Many hip hop artists have also been involved in political activism outside of their music. For example, Chuck D of Public Enemy has been involved in a number of political campaigns and organizations, and has used his music and public platform to speak out about issues such as police brutality and racism. Similarly, rapper and activist Common has been involved in a number of social justice causes, and has used his music to address issues such as police violence and racial inequality.

Conscious hip hop

Conscious hip hop (also known as socially conscious hip hop or conscious rap), is a subgenre of hip hop that challenges the dominant cultural, political, philosophical, and economic consensus, and/or comments on or focuses on social issues and conflicts. Conscious hip hop is not necessarily overtly political, but the terms "conscious hip hop" and "political hip hop" are sometimes used interchangeably. Conscious hip hop began to gain traction in the '80s, along with hip hop in general. The term "nation-conscious rap" has been used to more specifically describe hip hop music with strong political messages and themes. Themes of conscious hip hop include social conscience, Afrocentricity, religion, aversion to crime and violence, culture, the economy, or depictions of the struggles of ordinary people. Conscious hip hop often seeks to raise awareness of social issues, sometimes leaving the listeners to form their own opinions rather than aggressively advocating for certain ideas and demanding actions. Conscious hip hop artists often use their music to express their views on a wide range of topics, including politics, race, poverty, and the environment.

Some well-known examples of conscious hip hop artists include Common, Mos Def, Talib Kweli, and Kendrick Lamar. These artists are known for their thoughtful and thought-provoking lyrics, which often tackle complex and controversial issues.

In contrast to mainstream hip hop, which is often associated with materialism and violence, conscious hip hop is often seen as a more positive and uplifting form of the genre. Many conscious hip hop artists strive to inspire their listeners to think critically and make positive changes in their communities and the world.

Overall, conscious hip hop is a significant part of the hip hop landscape, and its artists continue to play a key role in raising awareness about important social and political issues.

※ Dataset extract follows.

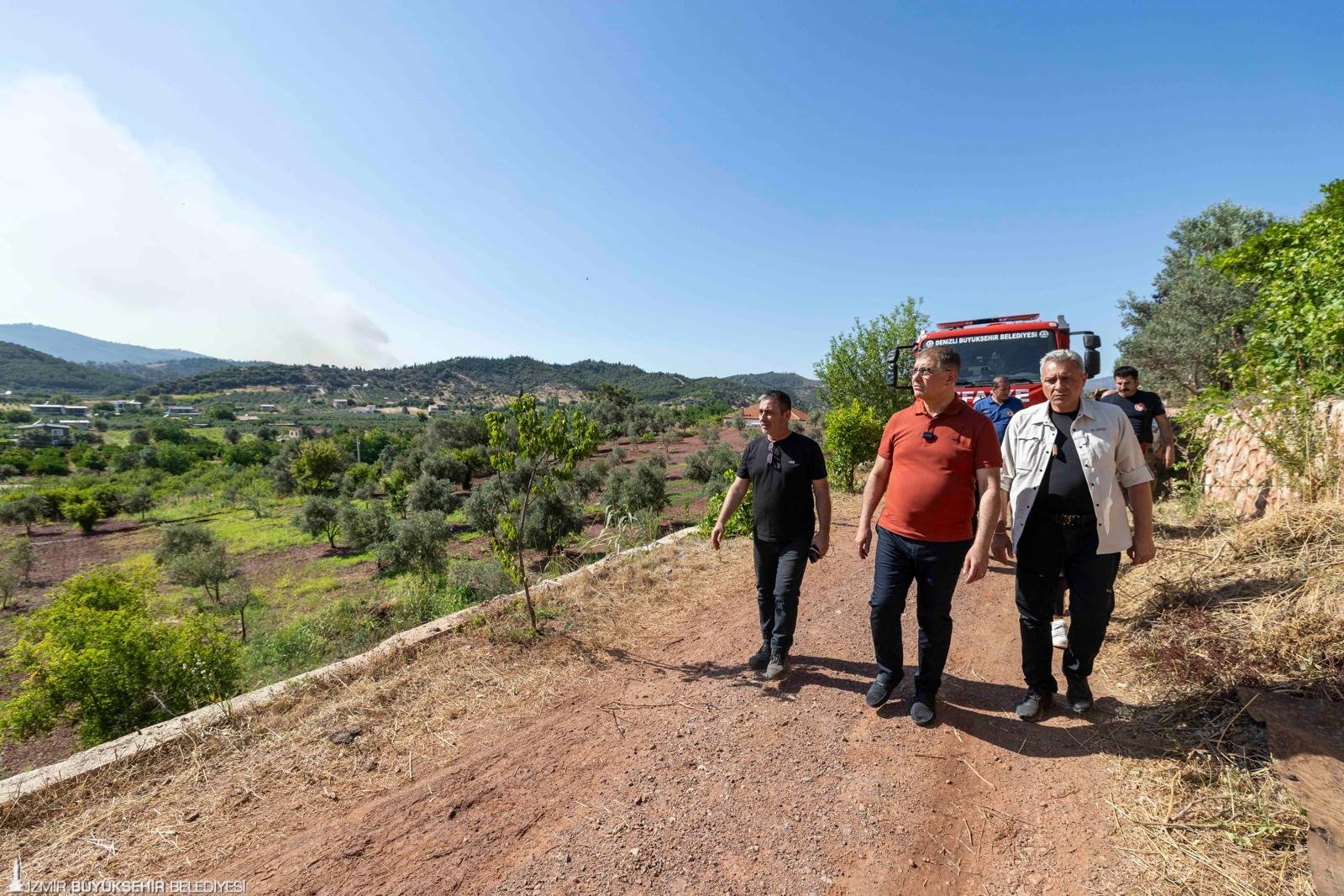 İzmir Büyükşehir Belediye Başkanı Dr. Cemil Tugay, yangının etkilediği bölgelerde incelemelerde bulundu. İzmir Büyükşehir Belediyesi Genel Sekreter Yardımcıları Çağatay Güç, İsmail Mutaf ve İzmir Büyükşehir Belediyesi İtfaiye Dairesi Başkanı Yaşar Korkmaz'dan bilgi alan Tugay, yangınların önemli ölçüde orman kaybına neden olduğunu belirterek, “Şiddetli rüzgar nedeniyle havadan müdahale de zorlaştı. O nedenle geniş bir alan zarar gördü. Bu tür durumlarda yangını durdurmak için yapılması gerekenler konusunda hepimizin yoğun şekilde kafa yorması gerekiyor” dedi.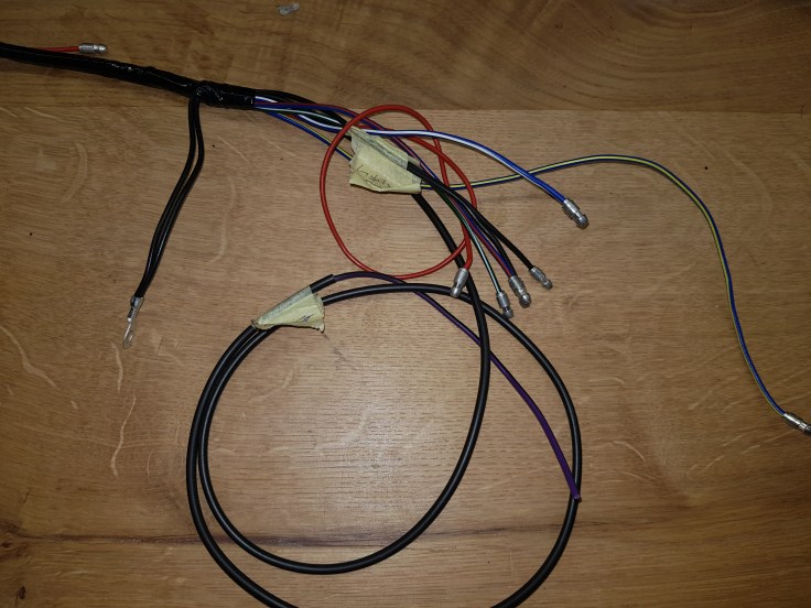 The side lamp cable as well as the rheostat to dim the instrument lights should be connected via a fuse and a red-black cable. The AutoSpark loom lacks red-black for this – instead all red cables are connected. I need to sort this out. The rear loom has a white-purple cable (fuel-pump) but it is missing the the main loom. Not a big problem – I will add an Inertia switch and a connection to the fusebox for this.

History of political and conscious hip hop

Origins and early development 
Before the emergence of political hip hop—the Black Power Movement and the emphasis on black pride arising in the mid-1960's and blossoming in the early 1970s—inspired several commentaries that incorporated Black Power ideological elements. Songs expressing the theme of black pride include: James Brown's "Say it Loud (I'm Black and Proud)" (1969), and Billy Paul's "Am I Black Enough for You?" (1972). The proto-rap of Gil Scott-Heron is an early influence on political and conscious rap, though most of his earlier socially conscious and political albums fall within the jazz, soul, and funk genres. Following Ronald Reagan’s election as President in 1980, conditions in inner-city African-American communities worsened, and hip-hop political commentators began to increasingly address worsening social problems such as mass unemployment, police brutality, incarceration, inadequate public schools, political apathy, and oppression. One of the first socially conscious hip-hop songs was "How We Gonna Make the Black Nation Rise?" by Brother D with Collective Effort. The first extremely successful hip hop song containing conscious rap was Grandmaster Flash and the Furious Five's "The Message", an influential political and conscious hip hop track, decrying the poverty, violence, and dead-end lives of the urban poor of the time. Furthermore, the complex socio-political issues before hip hop and during all of its stages severely influenced its birth and direction.

Gangsta rap 
Early gangsta rap often showed significant overlap with political and conscious rap. Pioneers in the gangsta rap genre such as Ice-T, N.W.A., Ice Cube, and the Geto Boys blended the crime stories, violent imagery, and aggression associated with gangsta rap with socio-political commentary, using the now standard gangsta rap motifs of crime and violence to comment on the state of society and expose issues found within poor communities to society as a whole. These early gangsta rap artists were influenced in part by the bleak and often "revolutionary" crime novels of Iceberg Slim as well as hip-hop groups such as Public Enemy and Boogie Down Productions; groups that mixed aggressive, confrontational lyrics about urban life with social-political commentary and often radical political messages. The controversial debut album Straight Outta Compton by N.W.A, released in 1988 brought gangsta rap to the mainstream, but it also contained harsh social and political commentary, including the confrontational track "Fuck tha Police."  Ice-T's work would sometimes focus on other topics: for example, he rapped about free speech on his third album, and about drunk driving, domestic violence and Nelson Mandela on his fourth album.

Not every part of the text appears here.